Under Their Very Eyes (by Deborah Meroff with Tom Hamblin)

Some years ago, Tom Hamblin and his wife Edna were missionaries based in Cyprus. They travelled extensively, but we met them a few times. I had the privilege of hearing Tom speak more than once. He’s one of the few people I've come across who could talk for an hour or more, leaving the audience wanting more. It wasn’t just the incidents he described - which in themselves were often eye-opening - but his relaxed and engaging style. Tom has no website, but this is a video of him speaking at a church, a couple of years ago.

So when we learned that he had published his memoirs, in conjunction with the journalist and writer Deborah Meroff, we immediately ordered a copy for ourselves, and one for a friend who had been asking about Tom. The book sat on my to-read shelf for a few months, but I finally picked it up a couple of weeks ago.

After a foreword and introduction, chapter 1 of the book launches straight into a typical encounter Tom had at an airport. He had 100 kg excess baggage: all Bibles, in Arabic, which he was planning to take to a Middle Eastern country. The officials in Cyprus wanted to charge him thousand of dollars to do so… then someone in Arab garb waved him through.

There are many such stories of what can only be termed miracles over the years when Tom and Edna’s mission was to take Bibles - or New Testaments - in local languages into many countries around the world. They never tried to smuggle them; they were always open about what they were carrying. Many people were praying for them, and on occasions they were refused, or had temporary problems.
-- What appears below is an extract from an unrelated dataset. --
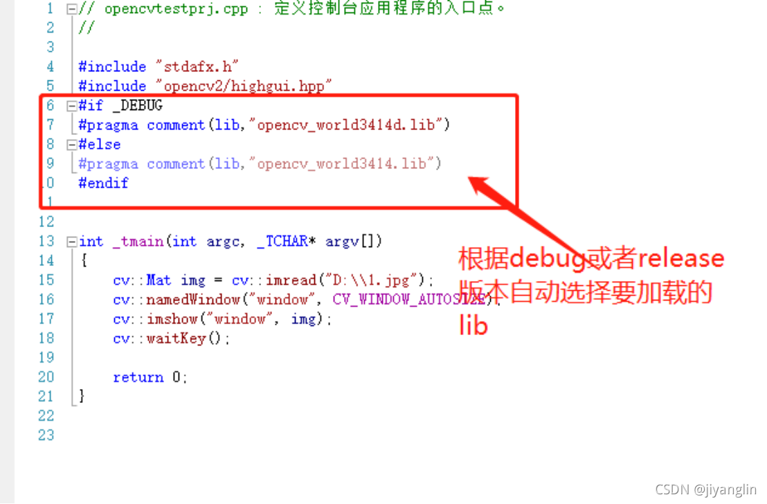 lib文件需要被链接器引入,可以在配置里加,也可以这样写代码里面。因为opencv得分个debug和release不同版本的库,所以只能是分开配置。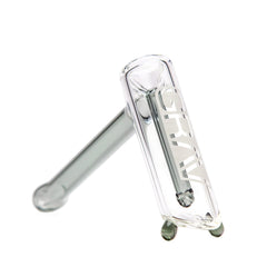 The Grav Colored Hammer Bubbler measures 4” inches tall by 7” inches in length. The rounded mouthpiece paired with the worked glass marble feet on the base allow the Grav Hammer Bubbler to proudly stand upright between uses. The body is made from clear borosilicate glass while the mouthpiece, downstem, and marble feet come in your choice of matching colored glass accents. Experience why bigger is always better with the Grav Hammer Style Bubbler today!

But the vast majority of the time, they were allowed through, even welcomed.

The stories themselves are astounding, evidence of God’s call to Tom and Edna, and provision for their safety. Through these two ordinary people, extraordinary things happened. There are stories of divine encounters with people longing for Bibles in their language, or secret believers who had heard about Jesus on the radio. Tom takes no credit for himself; he was just one tool in God’s plan to reach out to countries where Christians are in the minority, or even persecuted.

And yet, at first, I found myself a tad disappointed in the book. Somehow it doesn’t portray the excitement that came across in Tom’s sermons or talks. I suppose that’s inevitable; when he was speaking, he would often talk extemporaneously, or adjust what he planned depending on the mood or feedback of his listeners, or the prompt of the Holy Spirit. A book is fixed in time, intending to tell the story in ways that can be understood by as many people as possible.

But I kept reading. I was interested in the brief background Tom gives, telling a little about his harsh, sometimes abusive childhood, and where he met Edna. There’s not a great deal about their family life, but enough to give a little flavour of them as people. The chronology is a tad confusing at times, but that’s because each chapter focuses on one topic, rather than a specific period.

Names are sometimes changed in the book, for the sake of the individual's safety, and in some cases Tom doesn’t even name the country concerned. But most of the time, the stories are told openly, mentioning trials and dangers as well as some of the incredible successes of his ministry.

I would recommend this to anyone interested in Tom’s life as an itinerant missionary; he has impacted millions around the globe.